What the task asks:
Repeat the listing that follows, character for character, minus the pictures.

Information shown:
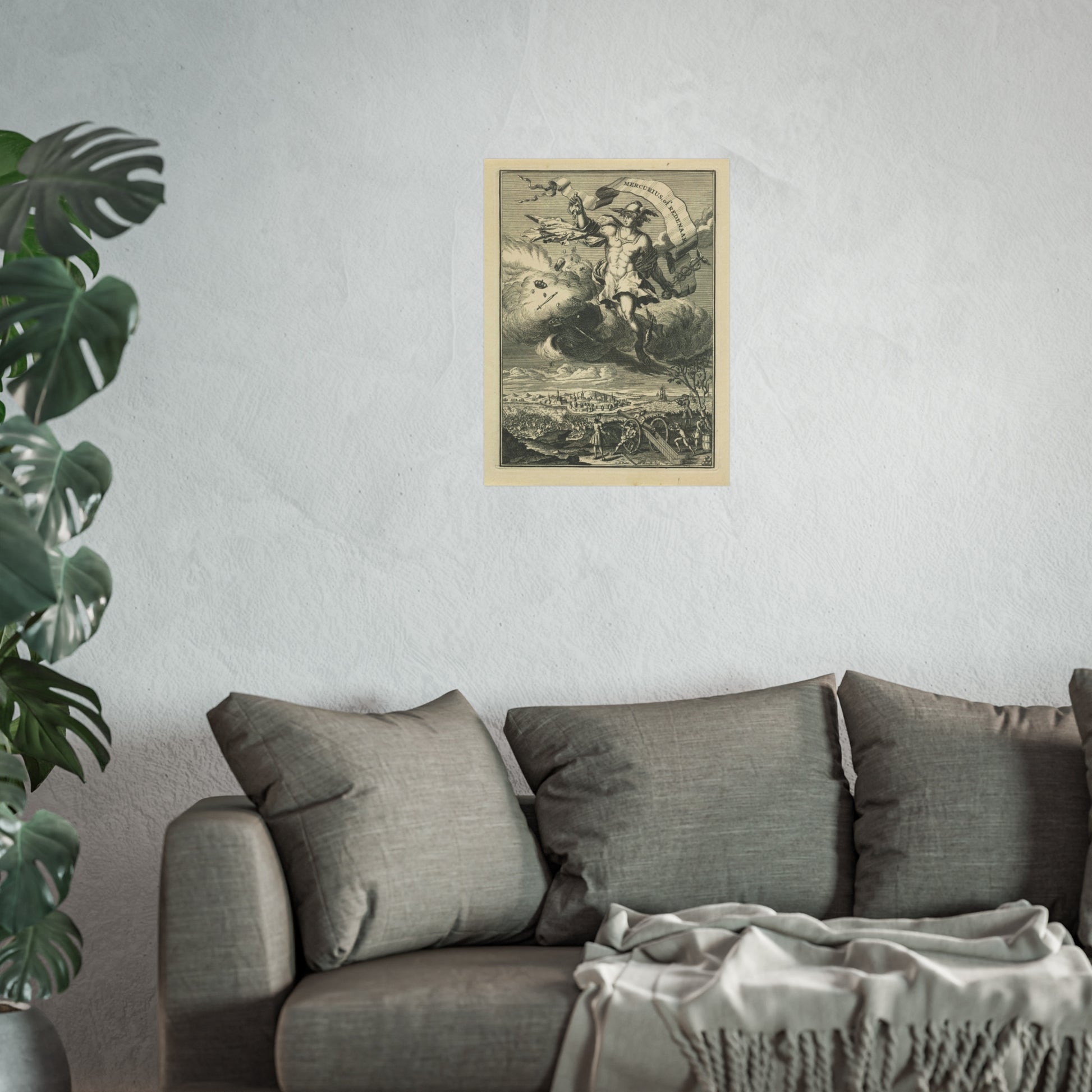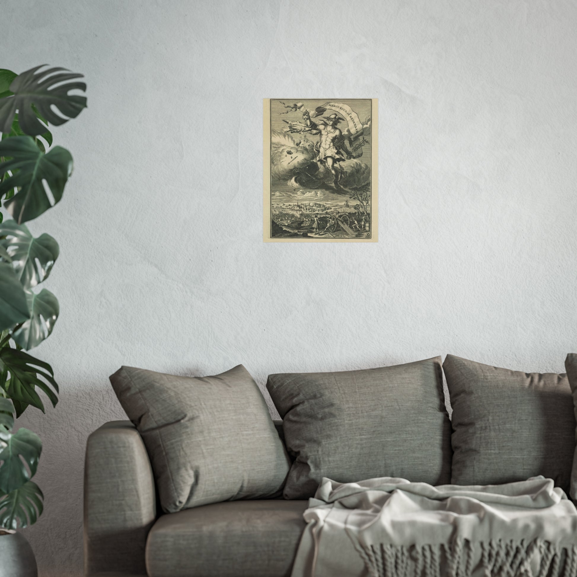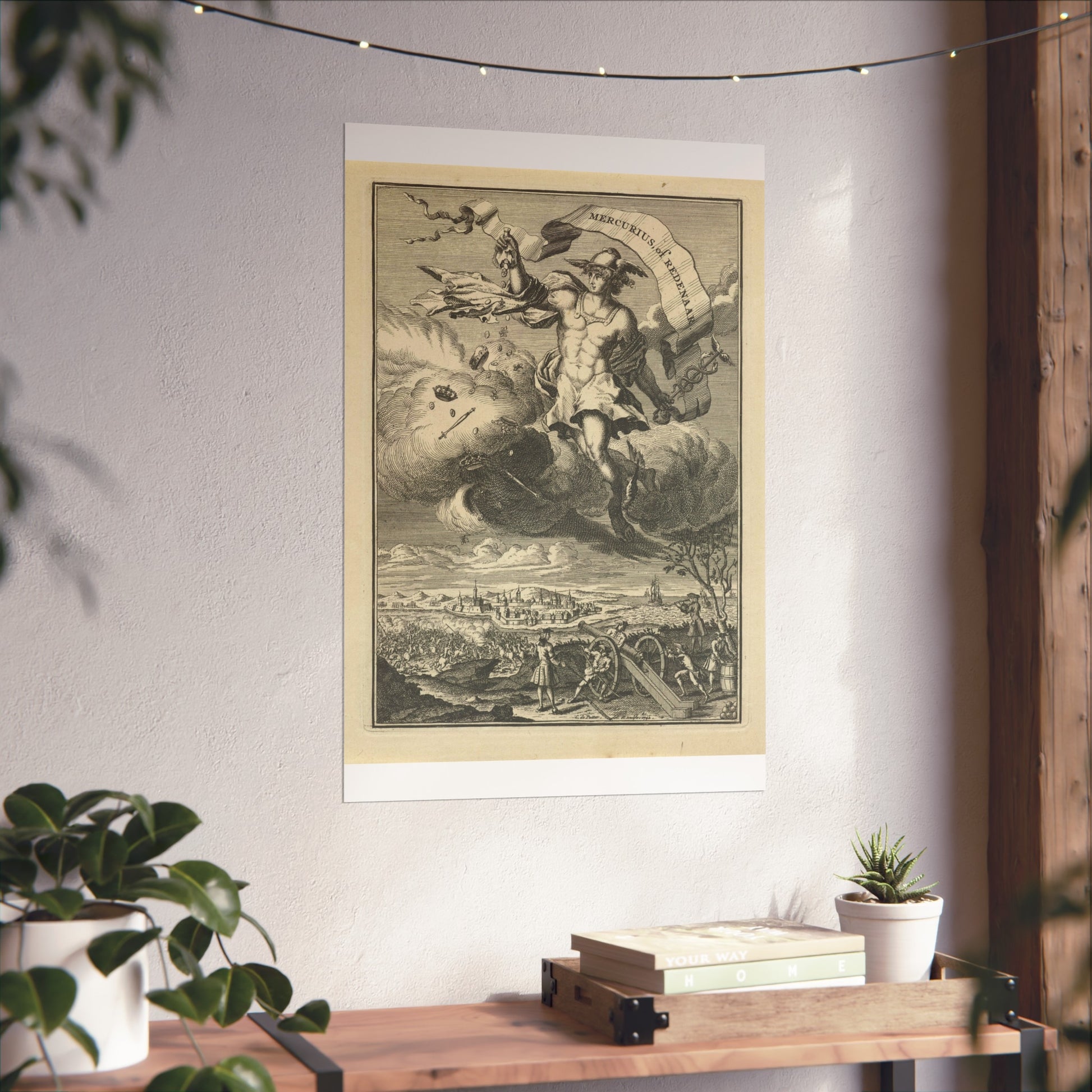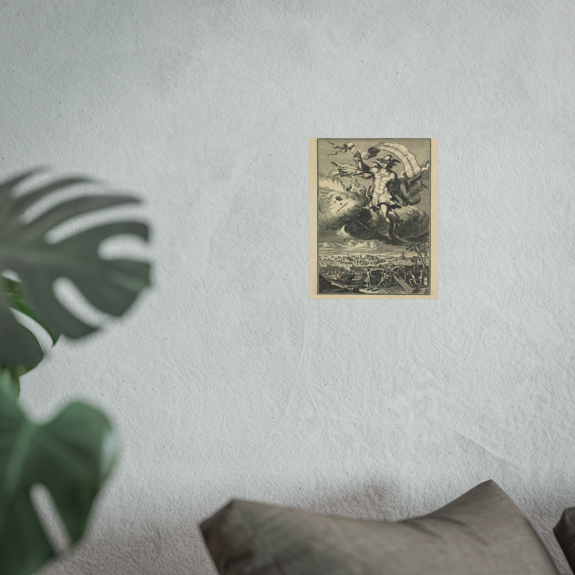This captivating piece showcases Mercury, the messenger of the gods, suspended in mid-air, scattering a torn bundle of money over the battlefield beneath him. In the background, a fortified city and the sea add depth and context to this dramatic scene.
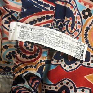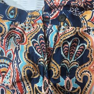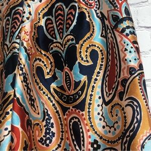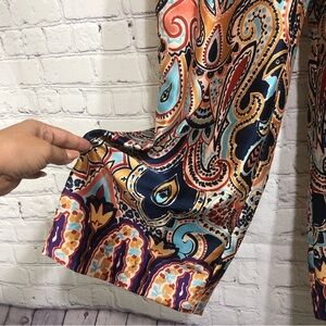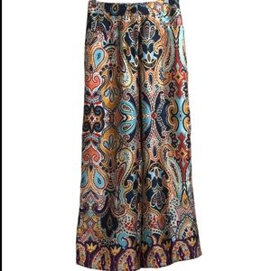 Elevate your style with these vibrant paisley print wide-leg pants. Perfect for any occasion, these pants feature a stunning mix of orange, blue, and black hues. Pair them with your favorite top for a chic look.
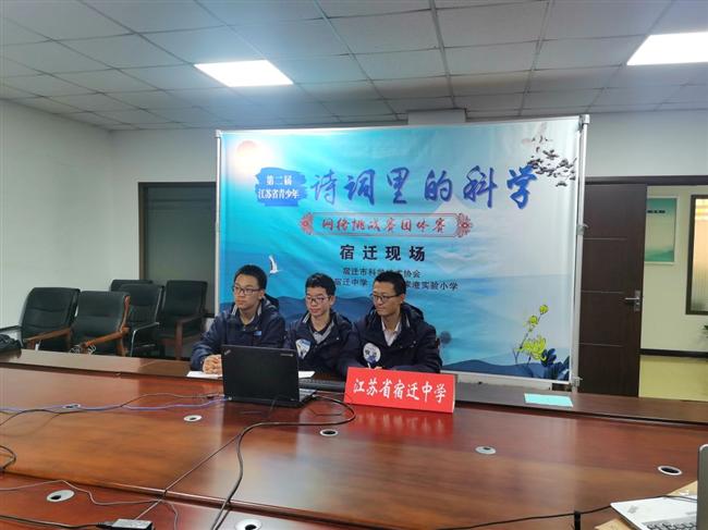 比赛现场,选手们通过网络连线的方式品味诗词之美,感受科学之道,展开激烈角逐。比赛过程中,宿迁中学三位同学齐心协力,沉着应战,展现出丰厚的诗词和科学原理知识储备。

Response to the task:
This captivating piece showcases Mercury, the messenger of the gods, suspended in mid-air, scattering a torn bundle of money over the battlefield beneath him. In the background, a fortified city and the sea add depth and context to this dramatic scene.
 Elevate your style with these vibrant paisley print wide-leg pants. Perfect for any occasion, these pants feature a stunning mix of orange, blue, and black hues. Pair them with your favorite top for a chic look.
 比赛现场,选手们通过网络连线的方式品味诗词之美,感受科学之道,展开激烈角逐。比赛过程中,宿迁中学三位同学齐心协力,沉着应战,展现出丰厚的诗词和科学原理知识储备。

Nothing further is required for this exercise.